Real life turned the volume up to an eleven, and I had to step away from the mic to handle some heavy, exhausting situations under my own roof.
Navigating the Rough Waters
The last few months have been a massive test of endurance, mostly centering around wearing my full-time "Mom" hat. Both of my girls hit major milestone ages recently—one turning 19 and the other turning 14—and with those ages came some incredibly stressful real-world hurdles.

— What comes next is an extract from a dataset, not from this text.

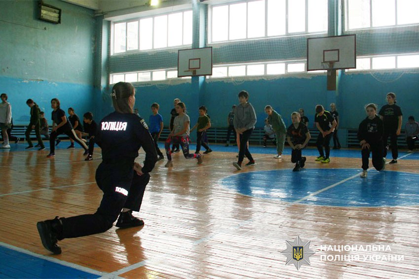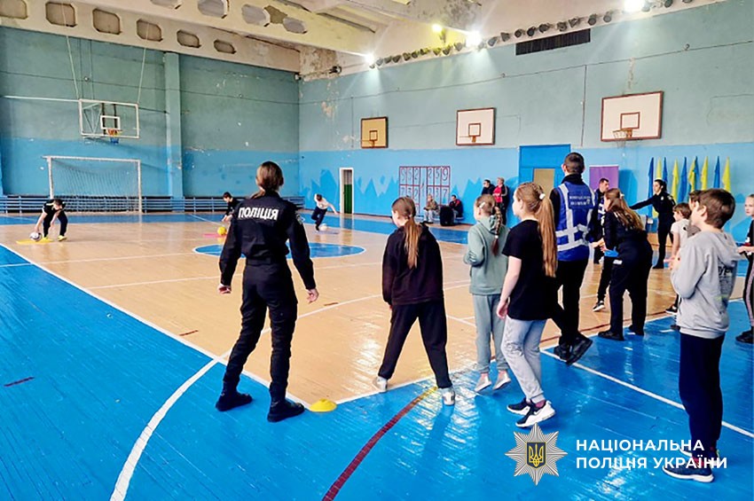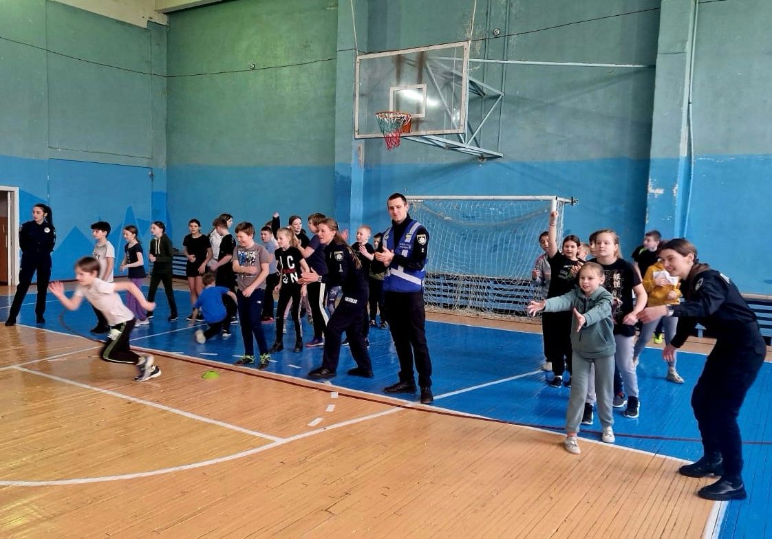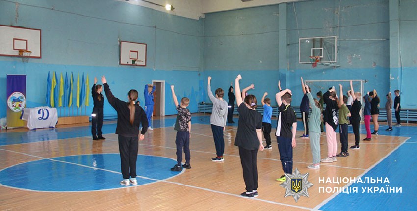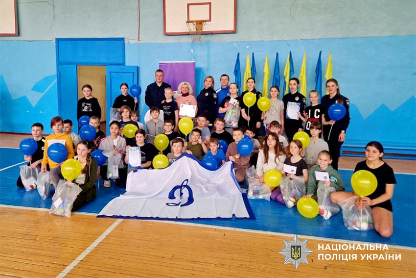 Учні спільно з поліцейськими та під керівництвом фахівців ФСТ «Динамо» провели олімпійську розминку та розділилися на команди. Попереду їх чекала естафета з виконанням різних вправ. У ході змагання учні обрали патріотичні назви своїм командам та старанно виконували завдання.
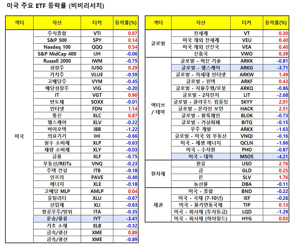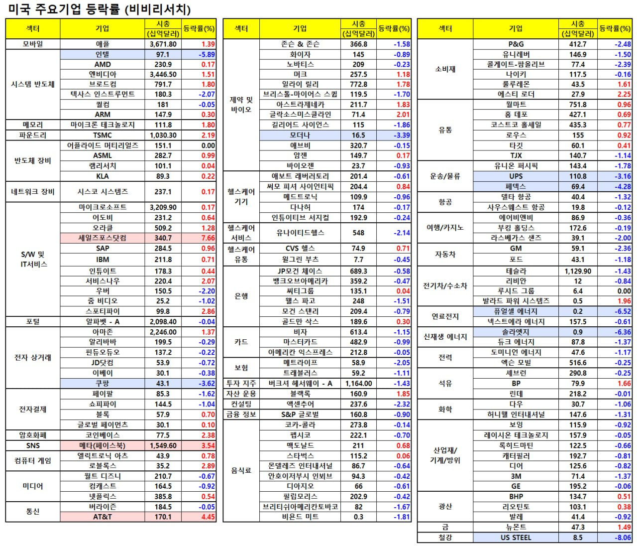- 물류회사인 페덱스(-4.66%)는 번스타인이 투자의견을 하향 조정하자 하락.

With my oldest, we’ve been navigating some heavy, ongoing legal and court logistics following a major mistake and a wrecked car. Helping her work through the fallout, dealing with the legal system, and trying to guide her toward a positive path forward has been an incredibly draining process that required a ton of tough love and emotional energy. On top of that, trying to get her sorted out with a reliable new ride meant diving headfirst into dealership negotiations, which felt like a literal boss fight all on its own.
Just when I thought we were catching our breath and finding a rhythm, life threw a curveball from a completely different direction. My youngest went away to camp, only for me to get an emergency call that she had managed to accidentally break her tooth completely in half.
We are still in the thick of sorting out the upcoming dentist appointments and getting everything put back together on that front, but it completely threw our schedule into chaos.
Stepping Back to Reset
Between court logistics, incoming dental appointments, and keeping the general day-to-day household running smoothly with my husband, my mental bandwidth has been stretched to its absolute limit.
I’ve always said that I refuse to stream just to "check a box." If I can't bring genuine energy, or if my mind is completely consumed by real-world stress, I’d rather wait until the smoke clears. Turning on the setup and trying to force a high-energy environment just didn't make sense when my focus was required here at home.
The hardest parts of the storm are slowly getting sorted out, and we're taking things step-by-step. As for the streaming side of things? I'm not gone forever, but I’m also not rushing myself back onto a strict schedule. I'm taking the time I need to ensure my home front is entirely solid first.